[[ Data open ]]
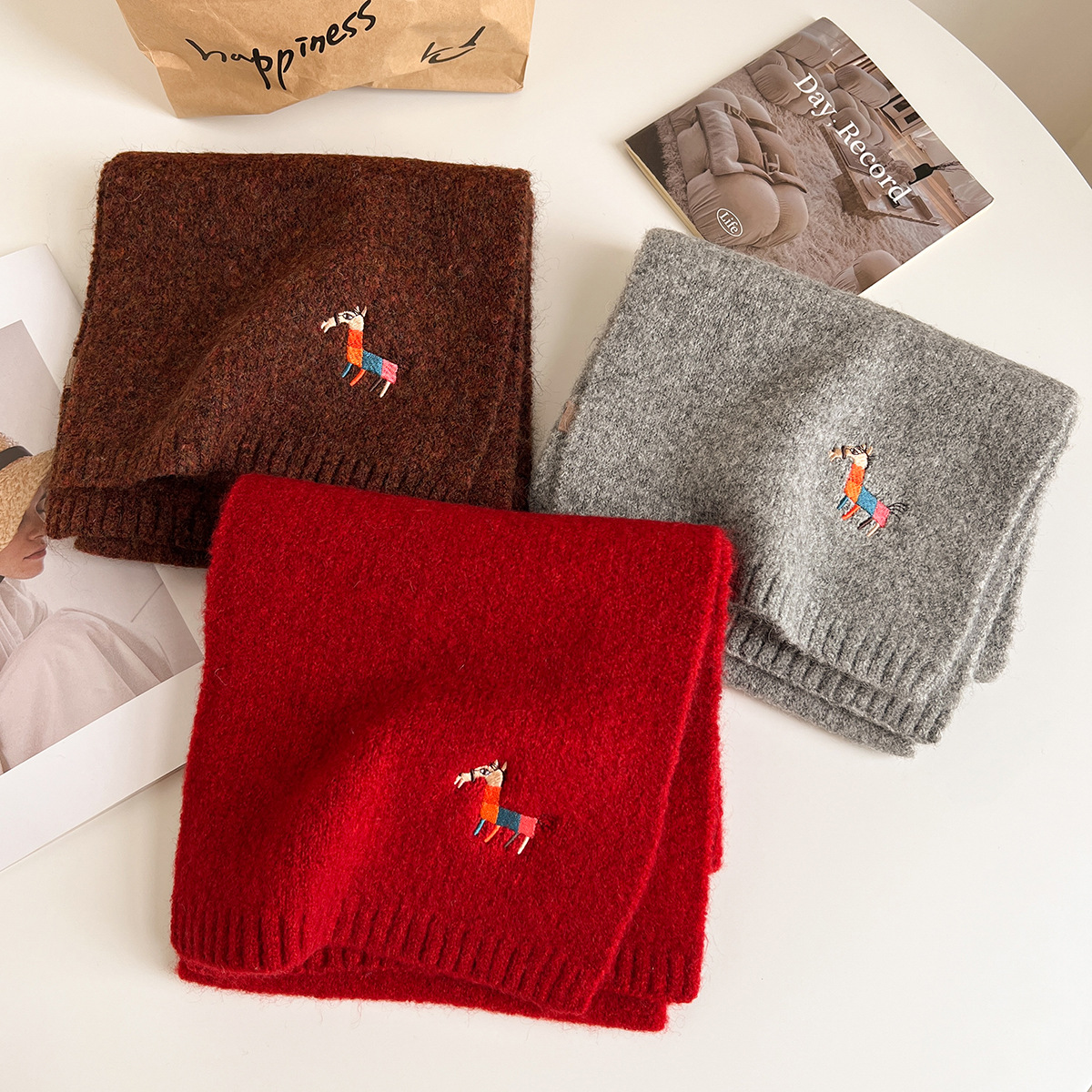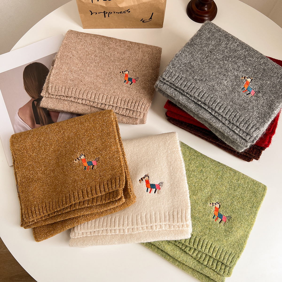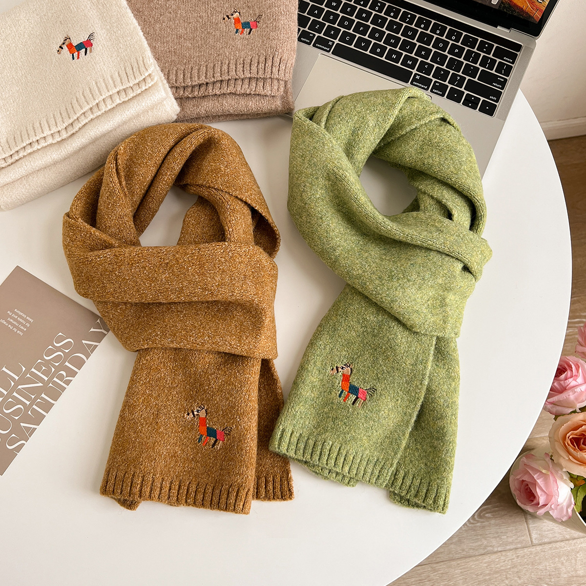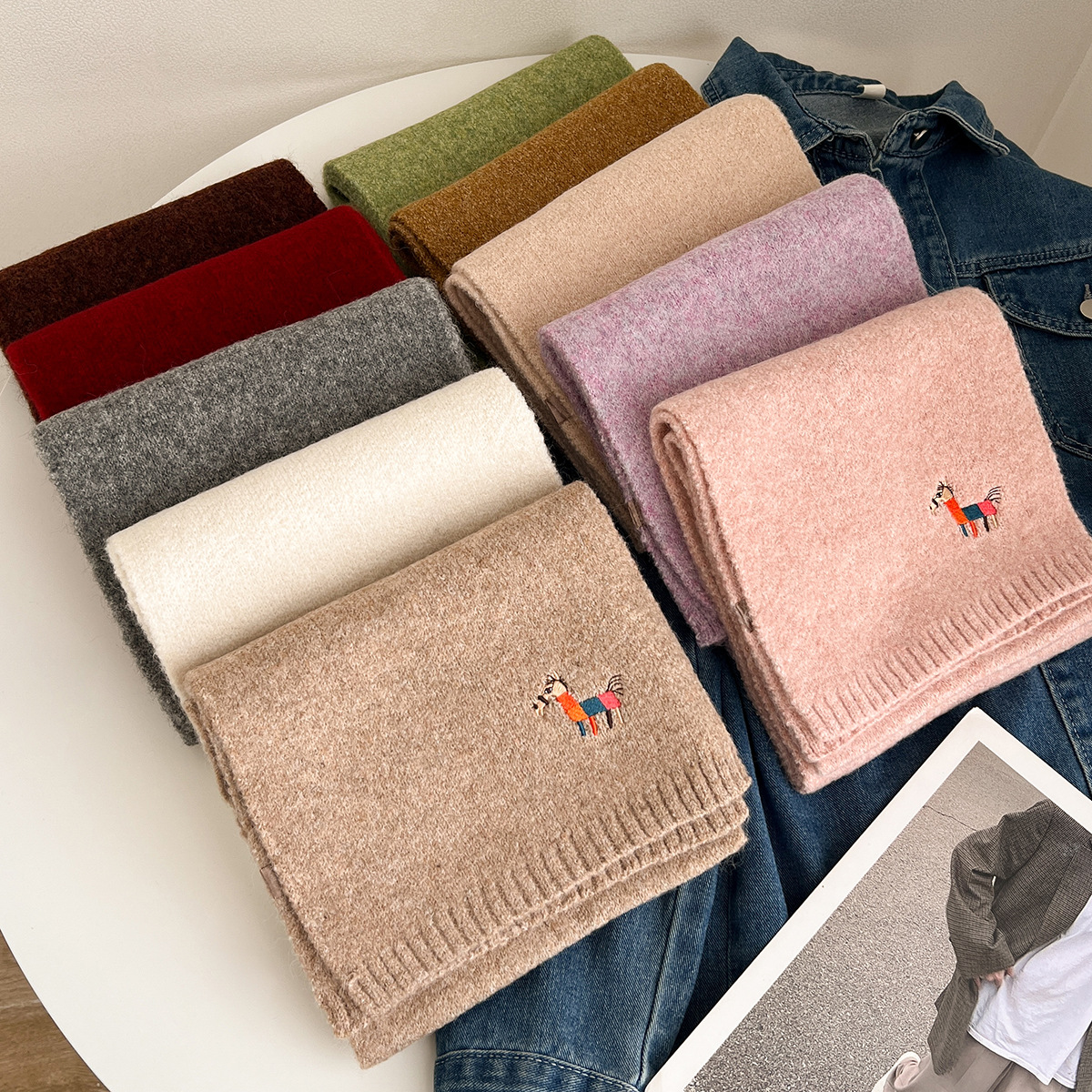 2026년 신상 가을 겨울 울 함유 한국 스타일 니트 포니 스카프 여성용 따뜻한 두꺼운 모직 스카프 개성 있는 자수 스카프스토어 가기
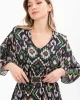Этническое платье с V-образным вырезом и резинкой на талии, миди длины, батник, 100% полиэстер, подходит для повседневной и вечерней носки
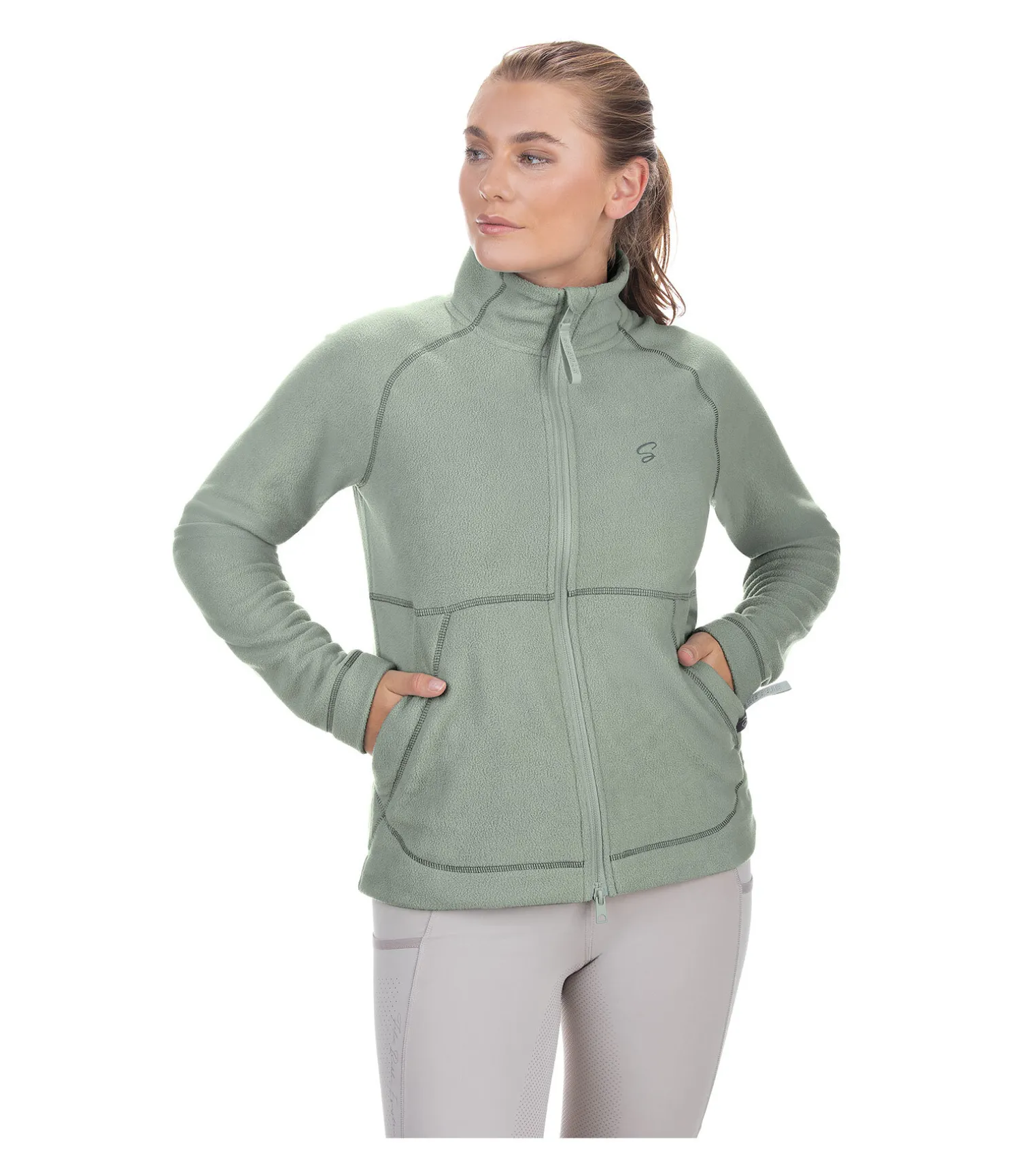 Veste polaire douce et chaude avec col montant. Fermeture à glissière double sens avec sous-patte et protège-menton. Deux poches latérales zippées. Broderie logo discrète sur la poitrine. Traitement anti-bouloches. 100 % polyester.
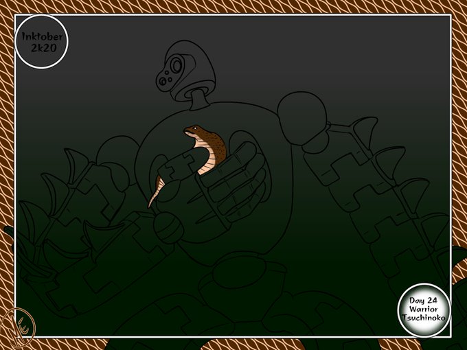 Day 24 Warrior and Tsuchinoko I don't know what I'm doing anymore .-. #ghiblitober #yokaitober #inktober #inktober2020 #inktober2020day24
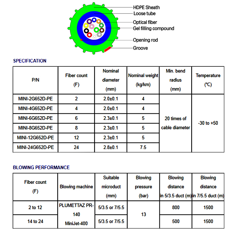 Air Blown Micro Fiber Optical Cable Blown Optical Fiber technology provides flexibility in network design, while anticipating and facilitating future changes as the network evolves . It delivers the best fiber solution for backbone, specialty, Fiber-To-The-Desk (FTTD) and Fiber-To-The-Home (FTTH) applications
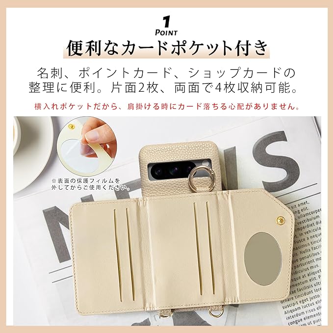 カード入れ・ショルダーストラップ付きの スマホケースです、スマホケース ピクセル8a、グーグルピクセル8aケース。グーグル ピクセル8a ケース。なんといってもショルダーストラップ付き、落下の心配や紛失の心配もありません。まるで本革のような上質なPUレザーでおしゃれを楽しむ大人女子にピッタリなアイテム。もちろんケースは衝撃吸収設計、衝撃からスマートフォン本体を保護します。内側はマイクロファイバーで本体を傷つけにくい起毛素材となっています。触り心地が良くの背面への子擦り傷を防げます。長さ自由自在調整、ショルダーストラップ付き、肩掛けしたまま操作可能。スタンド機能付き、ポケット部分を立てるとスタンドに!動画視聴などとっても便利。
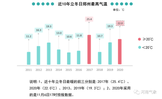 以鄭州為例:近十年立冬日第二暖
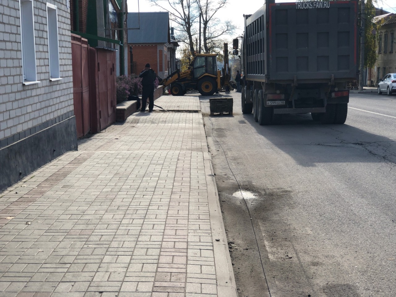 В городе начались работы по замене тротуарной плитки. Дело хорошее. Только разве подрядчик не должен под контролем снимать и складировать тротуарную плитку? Это ведь имущество администрации города! Что происходит?
[[ Data closed ]]
The response should hold only an exact retyping of the lines from the beginning of the data through the line containing "Veste polaire douce", both ends kept, pictures omitted.

• _Written response_:
 2026년 신상 가을 겨울 울 함유 한국 스타일 니트 포니 스카프 여성용 따뜻한 두꺼운 모직 스카프 개성 있는 자수 스카프스토어 가기
Этническое платье с V-образным вырезом и резинкой на талии, миди длины, батник, 100% полиэстер, подходит для повседневной и вечерней носки
 Veste polaire douce et chaude avec col montant. Fermeture à glissière double sens avec sous-patte et protège-menton. Deux poches latérales zippées. Broderie logo discrète sur la poitrine. Traitement anti-bouloches. 100 % polyester.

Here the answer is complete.